А около Алеши бурлит толпа. Уже нет здесь «белорыбицы» – она мечется по всей школе, останавливает школьников, педагогов, сторожей и кричит им:

– Этого нельзя допустить! Что же вы стоите? Этого нельзя допустить!

Уже нет около плаката Воробейчика – тот тоже мечется по школе, ищет Ковалева.

Около Алеши бурлит теперь мелкота. Они просто орут:

– Будем учиться на пасху?

– Не будем учиться!

– Гулять! Гулять!

Алеша митингует:

– Нужно перевернуть всю школу, товарищи! Тут пахнет старой гимназией!

В конце коридора на подоконник вскакивает парень и кричит:

– Мы только одного требуем: чтобы было не шесть уроков в день, а три.

Его стаскивают за ноги, и уже другой оратор кричит:

– Нужно открыть мастерские! Если не будет мастерских, я предлагаю бастовать.

А в другом конце оратор потрясает кулаками:

– Мне «неуд», а Иванову «уд»? За что?

– Товарищи! Товарищи! – надрывается Воробейчик на втором этаже. – Убедительно прошу: поручите все старостату. Вы не ошибетесь: все будет организованно.

Вернувшись из горкома, Юлька, Лукьянов и Голыш удивленно останавливаются в дверях, услышав, как кричит школа.

– Ну, пошли, – наконец произносит Лукьянов, и они бросаются в этот шум с разбега, как пловец бросается с берега в воду.

Вот вынырнула каштановая коса Юльки, вот на подоконнике Лукьянов, вот грохочет на лестнице Голыш.

Шум стоит в школе, и на волнах этого шума, на самом высоком гребне его, подымается Алеша. Никогда еще не знал он такой замечательной минуты. В его потной руке рычаг, которым можно перевернуть не только школу – мир можно перевернуть! Революция начинается в школе, мировой Октябрь. И Алеша из последних сил кричит:

– На штурм небес, товарищи! На штурм!

Но в это время раздается звонок, и по коридорам медленно, торжественно, словно никаких событий нет, проходит седой сторож Василий. По выражению его лица можно узнать, начало или конец урока он вызванивает. Конец урока – перемену – он звонит хмуро и сердито.

– Разве это учение, – критикует он, – ежели каждые сорок пять минут переменка? Нет, я бы их как засадил за книжки, так учись, а о гулянках не думай, вот бы ученые из них и вышли! А так какое учение!

Весело и радостно звонит Василий: начало уроков, конец шуму.

 

В шестой группе начался урок физики.

Преподаватель Болдырев колдовал около своих приборов, бережно переставляя их с места на место, бормотал себе в рыжие усы формулы, показывал опыты, больше сам интересуясь ими, чем увлекая школьников. Об учащихся он забывал. Ом редко спрашивал их, и они редко спрашивали его. Было два мира в классе: он, Болдырев, невысокий, суетливый, коротко остриженный человек, влюбленный в механику, но недоучившийся до инженера; и другой мир – школьная мелкота, шумная, непонятная и малолюбопытная публика, которой он обязан показывать опыты.

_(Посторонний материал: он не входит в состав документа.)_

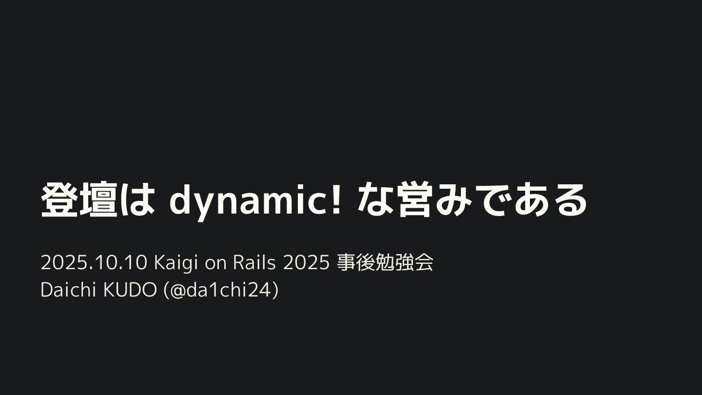 登壇は dynamic! な営みである 2025.10.10 Kaigi on Rails 2025 事後勉強会 Daichi
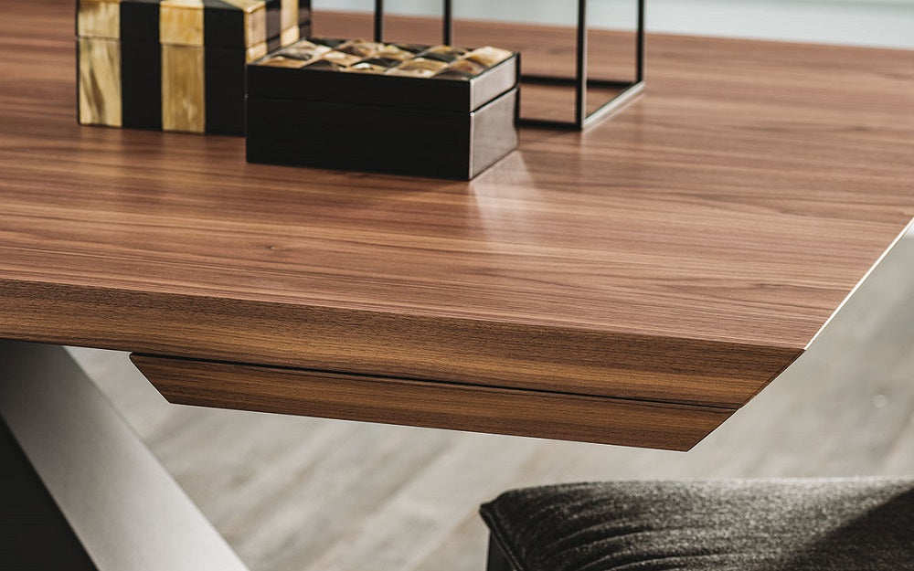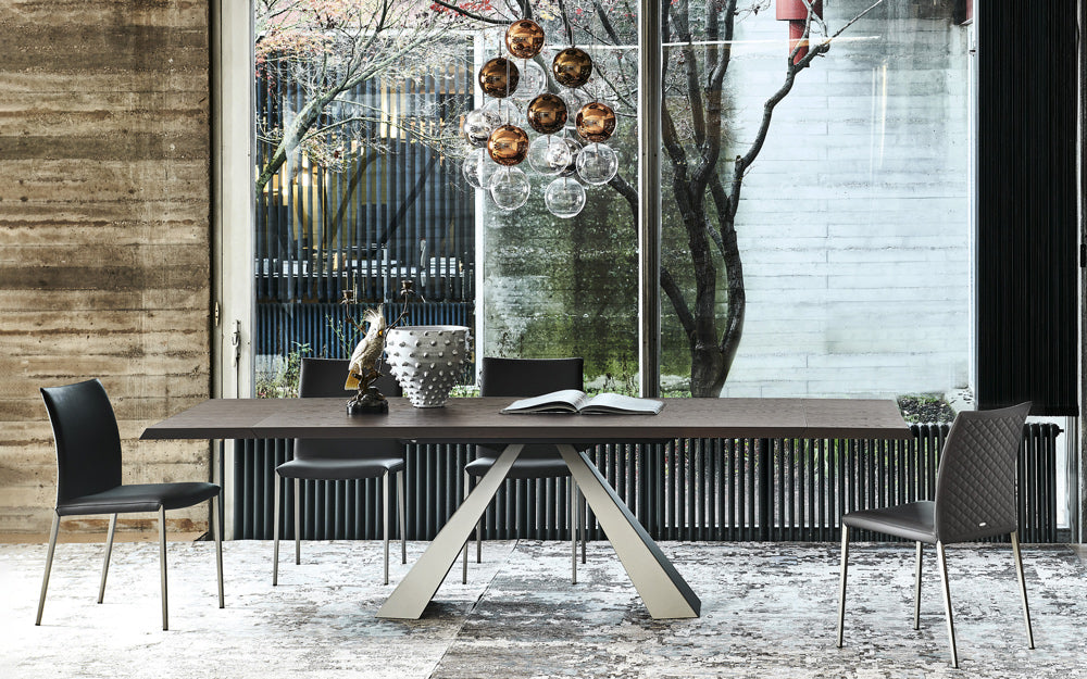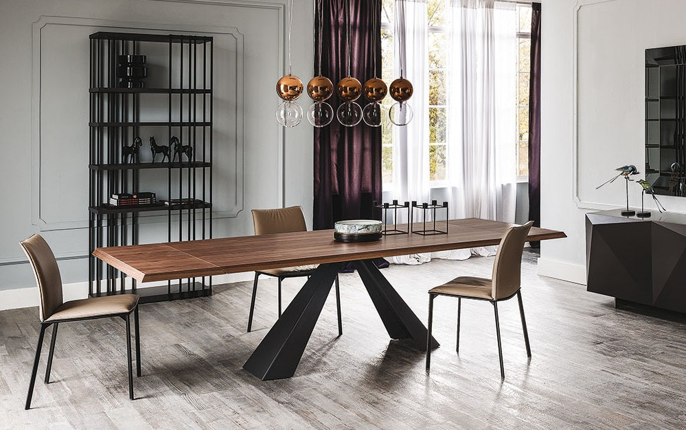 The Cattelan Italia Eliot Wood Drive Dining Table brings together the tactile authenticity of solid wood with the engineering brilliance of Italian extendible design. A contemporary icon, it features a stunning live-edged top in Canaletto Walnut or Burned Oak—each plank selected for its natural grain and beauty—paired with Cattelan Italia’s signature sculptural Eliot base in a range of luxurious metal finishes. The Eliot Wood Drive’s effortless extension mechanism enables a seamless transition from everyday dining to entertaining larger groups, with concealed leaves that glide out in seconds and remain perfectly aligned. Available in five sizes, this table offers both generous proportions and versatility, transforming any dining room into a refined centrepiece of warmth, elegance, and modern innovation. Handcrafted in Italy to the highest standards, the Eliot Wood Drive is a true statement of enduring quality, versatility, and Italian artistry.
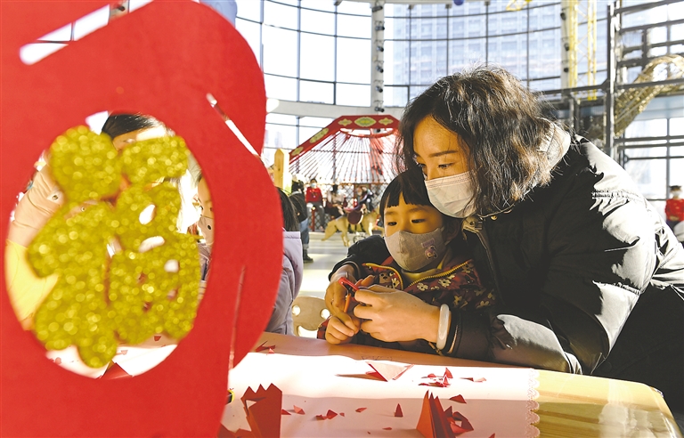 1月27日,呼和浩特市民在老牛儿童探索馆内体验剪纸。春节假期,呼和浩特市老牛儿童探索馆为小朋友准备了年味十足、丰富多彩的年俗活动,孩子们通过参与舞狮、剪纸等新春主题活动,感受中国传统文化的魅力。
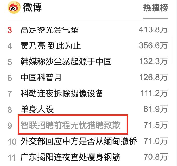 其中,热度最高的又是「简历泄露」,甚至一大早就把求职类 APP 的回应顶上了热搜:
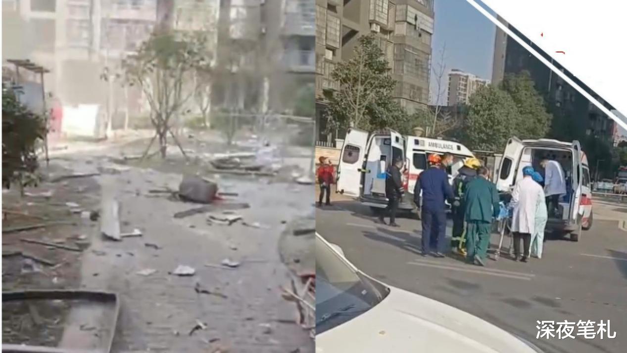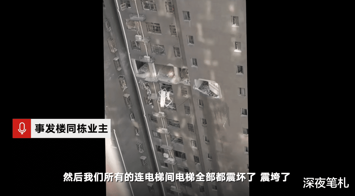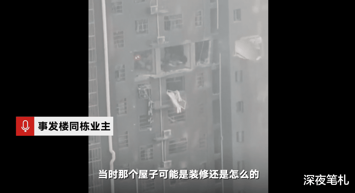 从网上流传的视频可以看出,爆炸房屋的墙体严重受损,窗户都被炸没了。小区地面散落着被炸飞石块、玻璃等,一根钢条还插在楼下私家车的车窗里面。而且视频中还可以看出有人从楼上被炸飞掉落到地上,地上聚集了大量围观的群众。
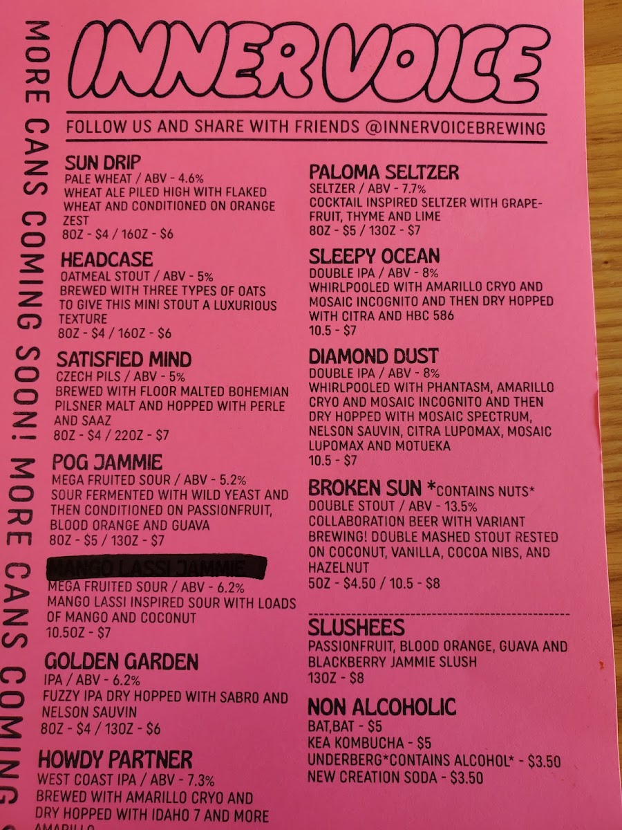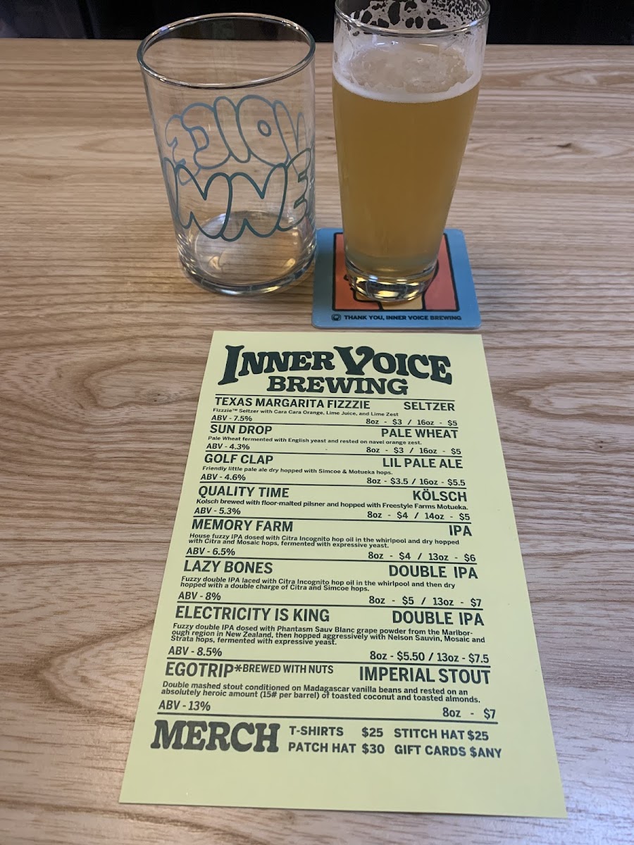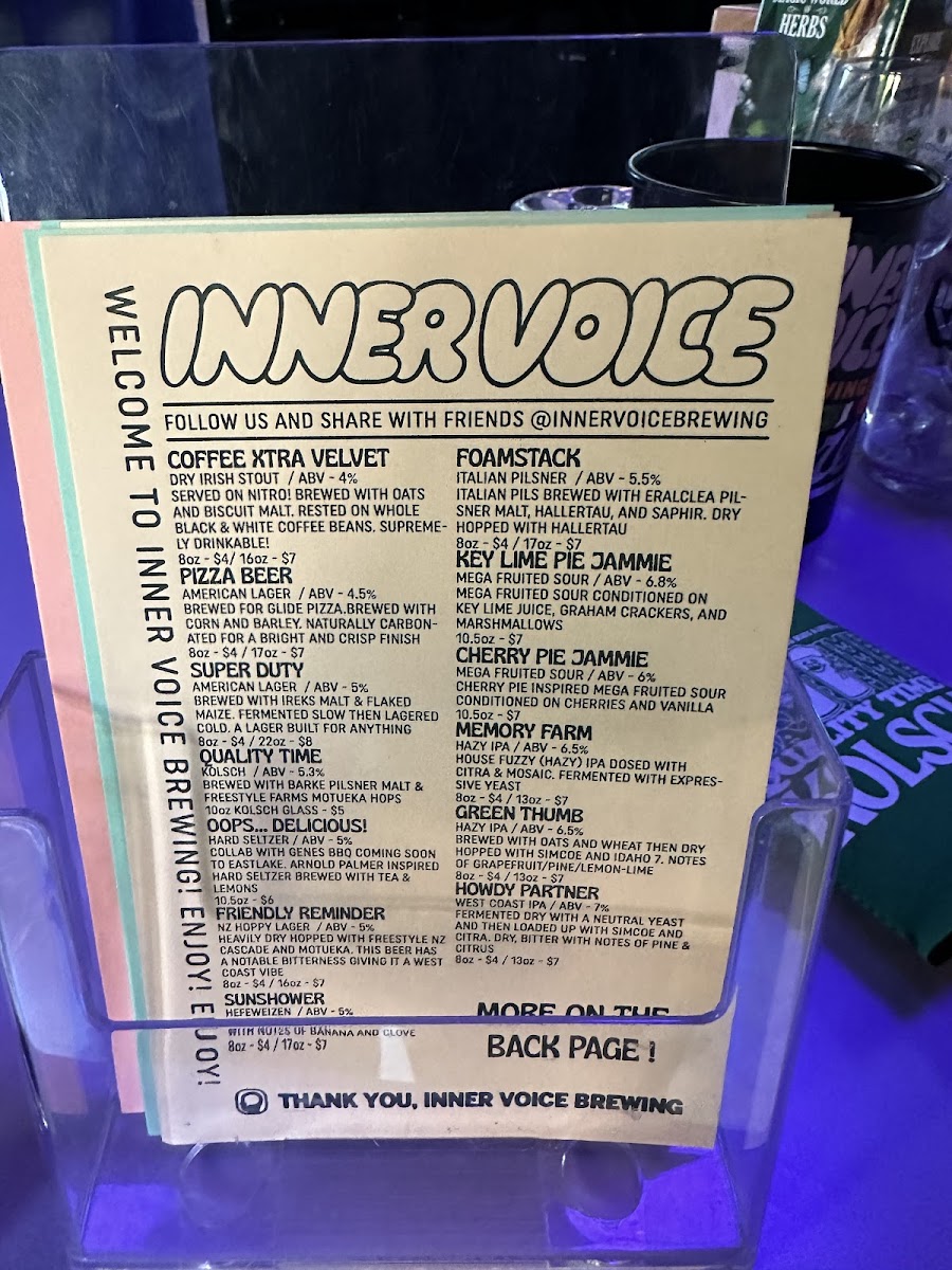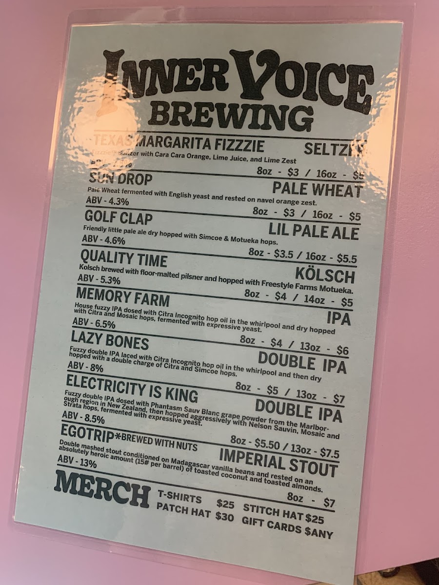 The menu at Inner Voice Brewing offers a thoughtfully curated selection of casual bites and comforting drinks that pair effortlessly with the relaxed brewery atmosphere. Expect a mix of light snacks and shared plates alongside a rotating lineup of craft beers that showcase creative flavors and approachable styles.

И он добросовестно делал их, больше всего в мире боясь, как бы озорные дети (а все дети – озорники) не разбили его аппаратов.

Он привык, что его слушают плохо, но сегодня даже он рассердился: в классе было слишком шумно.

– Или тишина, – сказал он обиженно, – или я уйду.

Алеша любил физику: в ней было нужное ему. Физика могла объяснить ему осязаемый мир, машину, движение, могла научить его полезным вещам, физика годилась в дело: шоферу тоже нужна физика. И Болдырева Алеша любил. Болдырев знал свой предмет, он только (так думал Алеша) не хотел всего рассказывать детям. Вот если подойти к нему да попросить хорошенько, он все расскажет.

Но сегодня Алеша слушал плохо.

«И почему это, – думал он горько, – в школе одно, а в жизни другое? Вот мы волнуемся из‑за пасхи, а Болдырев толкует механику!»

Вдруг с «Камчатки» раздался хриплый, нерешительный голос:

– Позвольте спросить!

Озадаченный Болдырев остановился на полуслове.

– Да? – пробормотал он.

Большой парень поднялся, потоптался на месте и выпалил:

– А что, Антон Иванович, бог есть или нет?

И никто не засмеялся в классе, хотя спрашивающего звали Ковбышем. Никто не засмеялся, а все чуть подались вперед, и впервые за свою педагогическую деятельность Болдырев увидел в ребячьих глазах неподдельный интерес.

Увидел – и испугался.

«Что же ответить детям?»

«A‑а, мне все равно!» – хотел ответить он и вспомнил, как на выпускном экзамене багровый протоиерей‑экзаменатор спросил его строго:

– А что, юноша, в боге сомневаетесь?

– Да мне все равно! – выпалил протоиерею Болдырев и...

Да, так что же ответить школьнику? Класс замер в ожидании ответа.

«Мне все равно?»

– Видите ли, Ковбыш... – запинаясь, отвечает учитель. – Это, знаете, к делу не относится. Я лично – человек неверующий. Как физик я не верю в бога. Но другим не навязываю, впрочем... – И заторопился, засуетился вокруг своих приборов.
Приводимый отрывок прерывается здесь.